Taking care of the quality of life of your employee by developing well-being & personal development programs will be beneficial for your productivity because:

  • They encourage employees to adopt behaviour beneficial to their health
  • They reduce stress
  • They reduce absenteeism, improve productivity and job satisfaction
  • They increase moral
  • They improve relationships

To know more on this topic, and why to develop a wellness program in your business, stay tuned, as we have interviewed Sophie Boulanger, CEO of OKUN, a company focusing on these very aspects, in our series ‘Leaders in sustainability S02E01’ , this will give you more insights.

E) Corporate Governance

Corporate governance is the structure that governs and runs an organization, as well as the processes that hold it and its employees accountable.

It is a key element to enhance economic efficiency, growth, sustainability strategies but also internal and external stakeholders confidence.

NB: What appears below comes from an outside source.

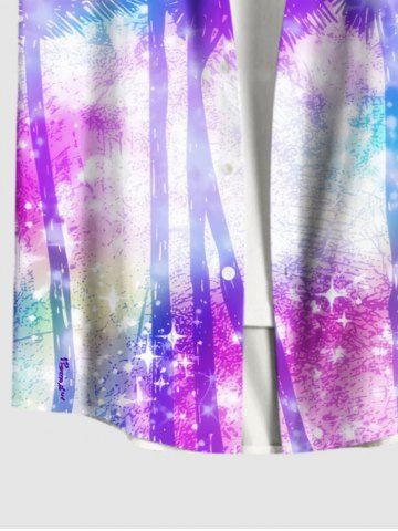 Plus Size Coconut Tree Tie Dye Ombre Stars Galaxy Print Hawaii Button Pocket Shirt For Men - Purple - 4xl

It entails 4 principles: transparency, accountability, stewardship, and integrity.

It makes sure that proper oversight is in place to make the organisation accountable to the standards, laws, and regulations in place.

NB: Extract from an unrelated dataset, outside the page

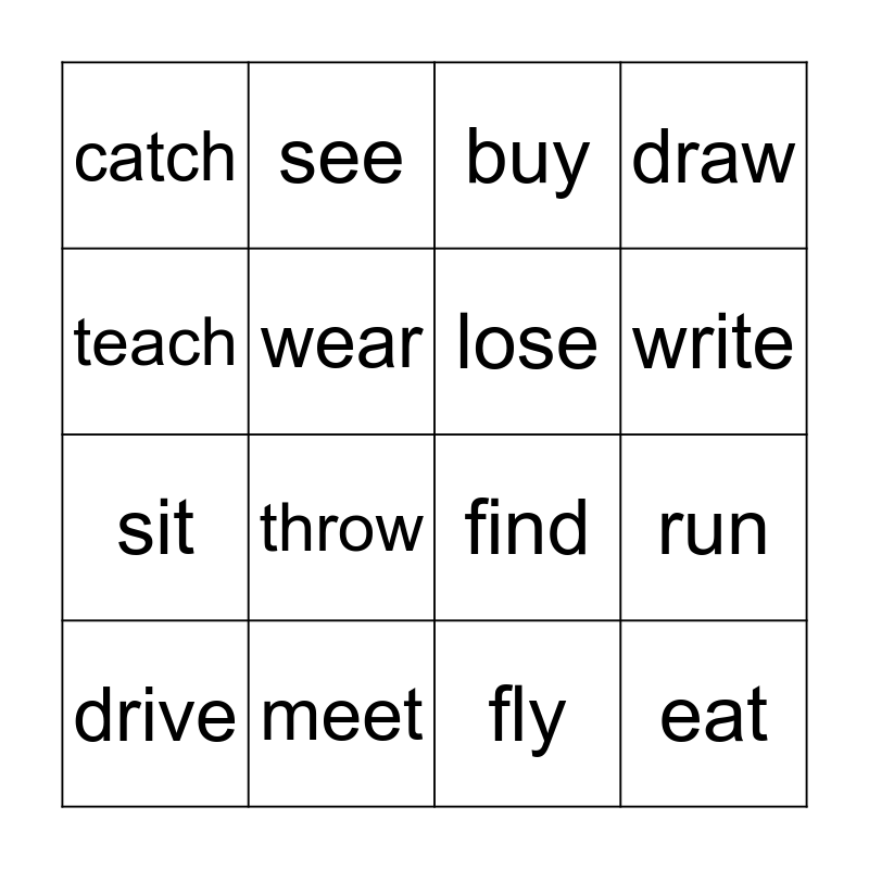 This bingo card has 16 words: meet, run, buy, catch, sit, see, find, fly, teach, wear, drive, draw, throw, write, lose and eat.

It makes sure that the products the consumer will buy are safe, and that someone will be held accountable in case something went wrong.

It makes sure that ethical business practices are put in place and respected by everyone in the organisation.

Good governance, in the end, promotes sustainability, establishes sustainable ideals, and assists businesses in achieving their goals.

Corporate governance

Long-term benefits include lowering risks, attracting new investors and shareholders, and increasing the equity of a business.

Above, we have highlighted some central points of social sustainability, but the concept could widened to include aspects such as:

  • Human rights
  • Improving your ecosystem
  • Procurement (buying local)
  • Helping your suppliers to be more sustainable as well.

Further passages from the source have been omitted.